United States District Court, D. South Carolina, Rock Hill Division

April 12, 2017

United States of America,
v.
Kenneth Roshaun Reid, Defendant.

          OPINION AND ORDER

          CAMERON MCGOWAN CURRIE Senior United States District Judge

         On January 9, 2017, Defendant, proceeding pro se, filed a motion for copies of all trial transcripts (ECF No. 735) and a motion to “appoint counsel. . . to refile original 28 U.S.C. § 2255(a) and ‘COA' to refile original 2255 motion” (ECF No. 736). The same day, Defendant filed a notice of appeal of this court's final order regarding Defendant's motion to vacate under § 2255 filed November 20, 2009. ECF No. 737. This court entered an Order noting it would address Defendant's motions once the Court of Appeals entered a decision on his appeal.
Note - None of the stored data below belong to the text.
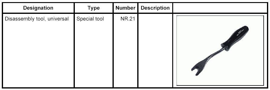 5.1. Unlock locating peg -1- of the support using the commercially available removal tool Disassembly tool, universal NR.21.
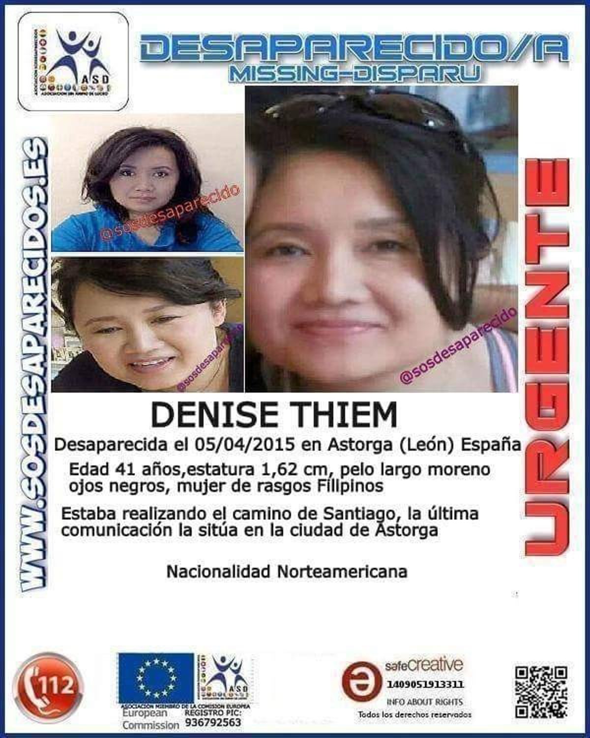 La Policía Nacional y la Guardia Civil están buscando a una peregrina estadounidense, Denise Thiem, de 41 años y origen chino, que estaba realizando el Camino de Santiago y que ha desaparecido en el entorno del municipio leonés de Astorga.
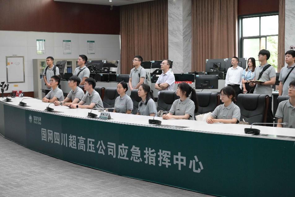 座谈交流活动结束后,实践团一行来到应急指挥中心进行参观学习。在公司专员的讲解下,同学们了解到了国网四川特高压直流中心的业务内容、特高压换流站情况、在建工程情况等具体内容。针对实际工程应用中的系列问题,同学们与在场专家进行了深入探讨,结合学科专业知识明确了工程和社会所需,为今后的学习和科研指明了方向。

See ECF No. 742. On February 28, 2017, the Fourth Circuit dismissed Defendant's appeal as untimely. ECF No. 747.

         Defendant filed a pro se motion pursuant to § 2255 on November 20, 2009. ECF No. 498. He argued his counsel was ineffective during trial and sentencing for allegedly allowing Defendant's speedy trial act rights to be violated, and for providing erroneous advice and information regarding the Government's proposed plea agreement. He also challenged counsel's effectiveness regarding alleged “erroneous jury instructions” and insufficient evidence.
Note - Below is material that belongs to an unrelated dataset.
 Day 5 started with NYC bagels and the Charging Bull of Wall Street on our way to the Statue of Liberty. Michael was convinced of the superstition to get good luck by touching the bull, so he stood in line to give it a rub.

         After full briefing, this court granted the Government's motion for summary judgment, dismissed Defendant's § 2255 motion with prejudice, and denied a certificate of appealability. ECF No. 529. Defendant thereafter filed a motion for issuance of a certificate of appealability and a motion to alter or amend judgment pursuant to Fed. R. Civ. P 59(e). ECF Nos. 532, 534.
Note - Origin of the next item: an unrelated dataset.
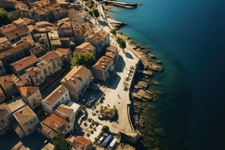 Aerial view of the old town of Rovinj, Croatia, Aerial view of the old town, Vacation and adventure, Town and sea, AI Generated
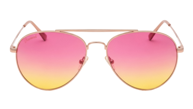 Stylish aviator sunglasses with pink and yellow gradient lenses isolated PNG, fashion accessory for sun protection and trendy summer look

         This court denied the motion for a certificate of appealability as moot and denied Defendant's motion to alter or amend, which it construed as a motion under Fed.R.Civ.P. 60(b)(6) due to time limits associated with Rule 59(e). ECF Nos. 535, 544. Defendant also filed an appeal from the dismissal of his § 2255 motion and denial of his motion for certificate of appealability. See ECF No. 537. The Fourth Circuit denied a certificate of appealability and dismissed the appeal. ECF No. 548.

         On July 15, 2013, Defendant filed another § 2255 motion, requesting the court apply Alleyne v. United States, 570 U.S. __, 133 S.Ct. 2151 (2013) to his case. ECF No. 611. The court dismissed the motion for lack of jurisdiction, because it was a second or successive motion filed without first obtaining permission from the Court of Appeals. ECF No. 613. The Fourth Circuit also dismissed Defendant's appeal of this Order. ECF Nos. 616, 623.

         Defendant has filed several motions attempting to overturn his conviction pursuant to different rules and theories. See, e.g., ECF Nos. 629, 632, 707, 723. In his latest motion, Defendant seeks appointment of counsel to refile his original § 2255 motion. ECF No. 736. As explained in numerous prior orders, Defendant, with or without counsel, may not file another § 2255 motion in this court without first receiving permission to do so from the Fourth Circuit Court of Appeals. See 28 U.S.C. § 2244(b)(3)(A).

         In addition, Defendant argues he should have been appointed counsel on his original § 2255 motion because he was death penalty eligible. In support of this argument, Defendant cites 28 U.S.C. § 2261; however, § 2261 applies to prisoners in state custody and thus is inapplicable to Defendant. 18 U.S.C. § 3599(a)(2) requires appointment of counsel “in any post conviction proceeding under section 2254 or 2255 of title 28, United States Code, seeking to vacate or set aside a death sentence . . .” Defendant is correct that counsel must be appointed on criminal matters when a defendant is charged with a crime which may be punishable by death[1]; however, in post-conviction proceedings a defendant is only entitled to counsel if he is actually sentenced to death. Defendant was not sentenced to death; therefore, he was not entitled to counsel on his original § 2255 motion, or now as he seeks to re-file a § 2255 motion.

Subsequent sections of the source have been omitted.